A reabsorção radicular interna é um evento patológico associado a

injúrias causadas a camadas de pré-dentina e de odontoblastos (LOPES et al.,

2004; RUIZ et al., 2002). Pode ser denominada de reabsorção intracanal,

odontoblastoma, endontoma ou granuloma interno (BARBOSA, 1999). Sua

etiologia não foi totalmente esclarecida, sendo que a maioria dos autores

concordam que o traumatismo e a infecção são os agentes etiológicos

principais (PRATA et al., 2002; VERDE S., 2002).

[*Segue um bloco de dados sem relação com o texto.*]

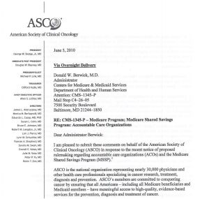 ASCO is the national organization representing nearly …. (for complete letter submission, click here).
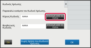 για να ολοκληρώσετε τη διαδικασία καταχώρησης.Όταν εμφανιστεί το παράθυρο εισαγωγής κωδικού χρέωσης, πατήστε το πλήκτρο [Επιλογή από τη Λίστα] του κύριου κωδικού.
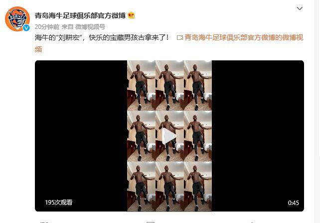 北京时间4月26日,中甲青岛海牛足球俱乐部在社媒上晒出了外援古拿跳《本草纲目》的视频,并写道:海牛的“刘耕宏”,快乐的瑰宝男孩古拿来了!

Os fatores desencadeantes ou etiológicos podem variar segundo a

quantidade, qualidade e natureza, levando a vários tipos de reabsorção

dentária (LOPES et al., 2004). Na verdade, diversos são os fatores para que

ocorram as reabsorções internas, onde pode-se citar o trauma, as cáries,

infecção periodontal, procedimentos iatrogênicos, preparos restauradores,

movimentos ortodônticos, bruxismo, anacorese e as pulpotomias vitais, que

são terapias com hidróxido de cálcio.

Estes fatores supracitados são eficazes na promoção da reabsorção

radicular interna na medida em que causam injúria à pré-dentina ou ao

cemento tornando-os mineralizados. A exposição da matriz mineralizada

destes tecidos desencadeia o processo reabsortivo, por atrair e ativar as

células clásticas Entretanto, é necessário que haja um estímulo, visto que, sem

o mesmo, a atividade clástica cessa e a reabsorção pára. (LOPES et al., 2004).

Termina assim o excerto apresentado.